A Massachusetts court has ruled that state education officials infringed the rights of the well-known education author Alfie Kohn by objecting to his planned speech at a 2001 conference being underwritten by a state-administered federal grant.

Conference organizers had invited Mr. Kohn, the author of The Schools Our Children Deserve and other books, to deliver the keynote address and offered him a $5,000 stipend, according to court papers.
But Susan M. Barker, then the associate commissioner of education for charter schools and the administrator of the federal grant for the Massachusetts Department of Education, objected to his planned speech, titled “The Case Against Standardized Testing: Raising the Scores, Ruining the Schools.”
She wrote a critical e-mail to a conference organizer, and Mr.

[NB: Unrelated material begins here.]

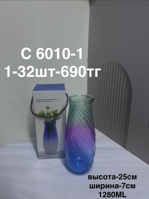 C 6010-1 Ваза цветная длинная (1кр-32шт)

Kohn’s invitation was rescinded.
Though the organizers still paid Mr. Kohn the $5,000 from private funds, he and several conference attendees sued the officials for alleged violations of their free-speech rights.
Ruling July 28 on motions for summary judgment, Judge Hiller B. Zobel of the state superior court in Cambridge, Mass., wrote that Ms. Barker’s e-mail “makes it clear that the government (through the DOE) was attempting to dictate what Mr. Kohn could say and what his prospective listeners could hear.”
The judge has not yet ruled on the plaintiffs’ request for relief, which includes lawyer’s fees and an order barring state officials from using grant money and other powers to suppress viewpoints with which they disagree.